From first line to last, retype the data exactly.
▼
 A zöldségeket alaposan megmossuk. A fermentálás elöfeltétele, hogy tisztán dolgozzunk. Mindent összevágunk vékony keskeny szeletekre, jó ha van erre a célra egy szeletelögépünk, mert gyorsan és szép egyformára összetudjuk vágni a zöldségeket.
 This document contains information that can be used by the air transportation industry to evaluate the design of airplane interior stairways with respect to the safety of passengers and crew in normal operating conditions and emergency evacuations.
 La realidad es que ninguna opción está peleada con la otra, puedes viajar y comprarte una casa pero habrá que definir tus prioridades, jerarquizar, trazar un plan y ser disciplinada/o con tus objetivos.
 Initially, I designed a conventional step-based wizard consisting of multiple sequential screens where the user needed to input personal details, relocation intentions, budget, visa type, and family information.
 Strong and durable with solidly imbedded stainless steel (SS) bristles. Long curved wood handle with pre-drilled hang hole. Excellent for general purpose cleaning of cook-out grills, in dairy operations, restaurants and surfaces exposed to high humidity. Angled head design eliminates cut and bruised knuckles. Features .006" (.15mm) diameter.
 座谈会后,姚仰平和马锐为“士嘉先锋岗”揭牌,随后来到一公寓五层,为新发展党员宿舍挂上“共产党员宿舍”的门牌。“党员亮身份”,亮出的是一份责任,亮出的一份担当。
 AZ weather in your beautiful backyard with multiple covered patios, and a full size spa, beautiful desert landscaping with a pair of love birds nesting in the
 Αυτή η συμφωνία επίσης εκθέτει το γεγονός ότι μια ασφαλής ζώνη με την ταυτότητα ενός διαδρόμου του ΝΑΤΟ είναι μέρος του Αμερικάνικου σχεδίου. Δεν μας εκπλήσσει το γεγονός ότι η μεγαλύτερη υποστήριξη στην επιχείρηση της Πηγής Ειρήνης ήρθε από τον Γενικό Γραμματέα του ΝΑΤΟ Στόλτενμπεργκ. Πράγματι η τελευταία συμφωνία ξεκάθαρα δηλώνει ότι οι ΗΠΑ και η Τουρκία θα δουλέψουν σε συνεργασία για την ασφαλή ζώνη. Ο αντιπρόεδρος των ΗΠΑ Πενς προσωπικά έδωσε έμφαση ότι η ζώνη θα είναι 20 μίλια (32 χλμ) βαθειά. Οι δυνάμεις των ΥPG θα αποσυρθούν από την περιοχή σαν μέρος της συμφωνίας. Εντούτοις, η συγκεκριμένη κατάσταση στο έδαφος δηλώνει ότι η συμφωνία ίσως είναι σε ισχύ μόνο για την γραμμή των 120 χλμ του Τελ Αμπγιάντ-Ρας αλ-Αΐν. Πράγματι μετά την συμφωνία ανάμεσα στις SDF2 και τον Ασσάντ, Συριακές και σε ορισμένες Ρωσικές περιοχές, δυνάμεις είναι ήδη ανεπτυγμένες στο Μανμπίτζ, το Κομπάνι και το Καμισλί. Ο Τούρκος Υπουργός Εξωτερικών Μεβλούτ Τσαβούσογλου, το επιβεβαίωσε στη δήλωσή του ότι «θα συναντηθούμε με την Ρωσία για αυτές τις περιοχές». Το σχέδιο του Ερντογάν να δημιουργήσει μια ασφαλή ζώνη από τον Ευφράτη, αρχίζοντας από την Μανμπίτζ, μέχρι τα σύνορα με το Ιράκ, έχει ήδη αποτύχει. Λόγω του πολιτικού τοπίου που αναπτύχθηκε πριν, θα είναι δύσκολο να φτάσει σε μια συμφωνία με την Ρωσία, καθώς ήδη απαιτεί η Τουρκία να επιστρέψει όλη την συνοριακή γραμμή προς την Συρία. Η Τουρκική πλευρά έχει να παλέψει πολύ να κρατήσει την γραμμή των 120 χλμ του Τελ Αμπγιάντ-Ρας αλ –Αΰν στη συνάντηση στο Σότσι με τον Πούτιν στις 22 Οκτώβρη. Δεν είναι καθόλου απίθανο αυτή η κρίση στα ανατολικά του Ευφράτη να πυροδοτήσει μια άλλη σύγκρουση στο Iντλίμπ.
▲
Expected answer:
 A zöldségeket alaposan megmossuk. A fermentálás elöfeltétele, hogy tisztán dolgozzunk. Mindent összevágunk vékony keskeny szeletekre, jó ha van erre a célra egy szeletelögépünk, mert gyorsan és szép egyformára összetudjuk vágni a zöldségeket.
 This document contains information that can be used by the air transportation industry to evaluate the design of airplane interior stairways with respect to the safety of passengers and crew in normal operating conditions and emergency evacuations.
 La realidad es que ninguna opción está peleada con la otra, puedes viajar y comprarte una casa pero habrá que definir tus prioridades, jerarquizar, trazar un plan y ser disciplinada/o con tus objetivos.
 Initially, I designed a conventional step-based wizard consisting of multiple sequential screens where the user needed to input personal details, relocation intentions, budget, visa type, and family information.
 Strong and durable with solidly imbedded stainless steel (SS) bristles. Long curved wood handle with pre-drilled hang hole. Excellent for general purpose cleaning of cook-out grills, in dairy operations, restaurants and surfaces exposed to high humidity. Angled head design eliminates cut and bruised knuckles. Features .006" (.15mm) diameter.
 座谈会后,姚仰平和马锐为“士嘉先锋岗”揭牌,随后来到一公寓五层,为新发展党员宿舍挂上“共产党员宿舍”的门牌。“党员亮身份”,亮出的是一份责任,亮出的一份担当。
 AZ weather in your beautiful backyard with multiple covered patios, and a full size spa, beautiful desert landscaping with a pair of love birds nesting in the
 Αυτή η συμφωνία επίσης εκθέτει το γεγονός ότι μια ασφαλής ζώνη με την ταυτότητα ενός διαδρόμου του ΝΑΤΟ είναι μέρος του Αμερικάνικου σχεδίου. Δεν μας εκπλήσσει το γεγονός ότι η μεγαλύτερη υποστήριξη στην επιχείρηση της Πηγής Ειρήνης ήρθε από τον Γενικό Γραμματέα του ΝΑΤΟ Στόλτενμπεργκ. Πράγματι η τελευταία συμφωνία ξεκάθαρα δηλώνει ότι οι ΗΠΑ και η Τουρκία θα δουλέψουν σε συνεργασία για την ασφαλή ζώνη. Ο αντιπρόεδρος των ΗΠΑ Πενς προσωπικά έδωσε έμφαση ότι η ζώνη θα είναι 20 μίλια (32 χλμ) βαθειά. Οι δυνάμεις των ΥPG θα αποσυρθούν από την περιοχή σαν μέρος της συμφωνίας. Εντούτοις, η συγκεκριμένη κατάσταση στο έδαφος δηλώνει ότι η συμφωνία ίσως είναι σε ισχύ μόνο για την γραμμή των 120 χλμ του Τελ Αμπγιάντ-Ρας αλ-Αΐν. Πράγματι μετά την συμφωνία ανάμεσα στις SDF2 και τον Ασσάντ, Συριακές και σε ορισμένες Ρωσικές περιοχές, δυνάμεις είναι ήδη ανεπτυγμένες στο Μανμπίτζ, το Κομπάνι και το Καμισλί. Ο Τούρκος Υπουργός Εξωτερικών Μεβλούτ Τσαβούσογλου, το επιβεβαίωσε στη δήλωσή του ότι «θα συναντηθούμε με την Ρωσία για αυτές τις περιοχές». Το σχέδιο του Ερντογάν να δημιουργήσει μια ασφαλή ζώνη από τον Ευφράτη, αρχίζοντας από την Μανμπίτζ, μέχρι τα σύνορα με το Ιράκ, έχει ήδη αποτύχει. Λόγω του πολιτικού τοπίου που αναπτύχθηκε πριν, θα είναι δύσκολο να φτάσει σε μια συμφωνία με την Ρωσία, καθώς ήδη απαιτεί η Τουρκία να επιστρέψει όλη την συνοριακή γραμμή προς την Συρία. Η Τουρκική πλευρά έχει να παλέψει πολύ να κρατήσει την γραμμή των 120 χλμ του Τελ Αμπγιάντ-Ρας αλ –Αΰν στη συνάντηση στο Σότσι με τον Πούτιν στις 22 Οκτώβρη. Δεν είναι καθόλου απίθανο αυτή η κρίση στα ανατολικά του Ευφράτη να πυροδοτήσει μια άλλη σύγκρουση στο Iντλίμπ.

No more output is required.